McCann’s expatriation began with financial difficulties in Australia, where he said the price of rent is “profoundly bad” and “worse than anything in America.” McCann started to think a change was in order after battling against rent, having multiple children to feed, awaiting a big break in his career and stopping smoking because of high cigarette prices.
As the “panic and doom” of his financial situation loomed, McCann spoke with his wife, and the two prayed about what to do.
At the time, McCann and his wife both consumed content from New Polity, a Steubenville-based Christian magazine and podcast publisher.
Around 2022, McCann was planning a brief trip to the U.S. Knowing he’d be in the states, McCann reached out to Marc Barnes, editor of New Polity Magazine, and expressed interest in coming to see Steubenville. McCann said Barnes was accommodating, showing him all of the “incredible” revitalization projects in the city.
“There’s something really exciting happening there,” McCann recalled thinking.

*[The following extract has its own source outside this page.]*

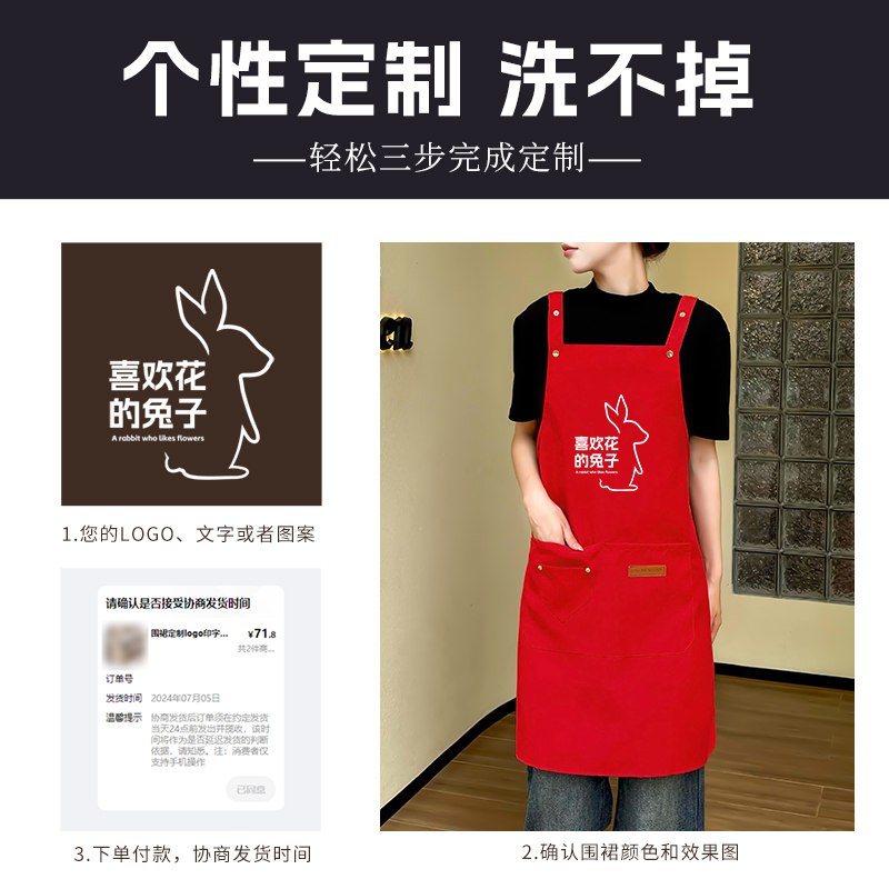 防水围裙工作服餐饮专用定制logo印字订制做饭服务员围腰男女红色

After the visit, McCann and his wife decided coming to Steubenville was the right move for his children’s “spiritual development.” Now here on a visa, McCann said the transfer process has been a “convoluted” matter, but it’s been well worth the effort.

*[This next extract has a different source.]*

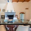 Proseguendo, troviamo una spaziosa e luminosa sala da pranzo con camino, perfetta per cene conviviali, una sala tv con comodo divano e un ampio ed elegante soggiorno arredato con divani e poltrone, pensato per rilassarsi e socializzare. Il piano si completa con un bagno dotato di doccia.

“This is a glorious, shining land of opportunity,” McCann said of the U.S.
Although locals may take it for granted, McCann said he loves the many unique qualities of Steubenville and the Ohio Valley, from the murals and historic architecture to the Fort Steuben Mall potholes.
“I love the enormous skeleton statue (displayed on North Fourth Street),” McCann said. “It was dressed for Valentine’s Day. I wonder what it’ll be dressed for next.”

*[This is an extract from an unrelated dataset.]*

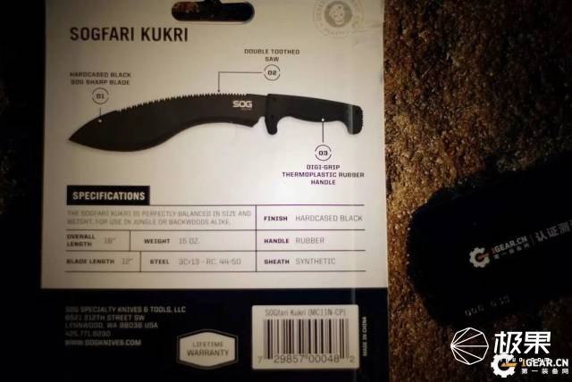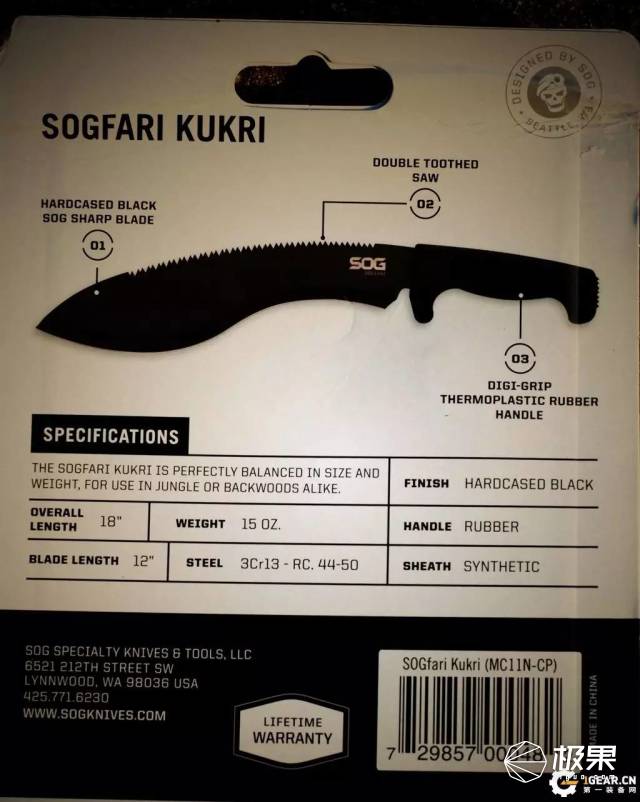 包装上详细表明了MC11的各种参数,由于数据敏感,后面的测评中就不会实际测量了。全长18英寸、刃长12英寸,重量15OZ,425克左右,说实话对于这个尺寸的开山刀来说重量不算重,认真看了下说明,SOG自个对MC11的定位也是尺寸和重量的完美平衡,足够日常使用,同时不会带来太大负担。

McCann added, “I was introduced here by the smartest, most interesting and good people that I’ve ever met. I’m thrilled by the things they’re doing. Steubenville is spoken of like Mecca by people — even folks in Australia … are trying to get there. And, of course, not everyone should move there, but the young Catholic community is inspired by the things happening there to make their own towns better.”
Since moving, McCann said, he’s found a “warm and welcoming community” where “suburban atomization is really being fought against” through intentional, family-centered community. McCann himself has three children, all of them under 4 years old and each having been born in Australia.
The next steps are a work in progress for McCann, regarding his comedy career. In addition to a previous comedy material test run at Chesterton and Co. Cigars on Feb. 5, which drew attendees from as far as Columbus, McCann has other U.S. gigs lined up. Since the move, he’s performed in Pittsburgh, Cleveland, Austin and Nashville. He was in New York City for a gig and a brief family vacation and had a similar trip lined up for Orlando.
As per his visa, McCann is focusing solely on comedy work to support his family and, hopefully, purchase a boat by any means necessary.
“That’s the stability that (I) will thrive in: Putting my family on the sea,” McCann said.
Fringe is still in McCann’s heart, and he hopes to return one day, once the chaos of his life has settled down, he said. For now, he’s content with how “receptive, open and warm” American audiences are.
“I love America, I’m sticking very closely to my visa and God bless you,” McCann said, signing off from New York City.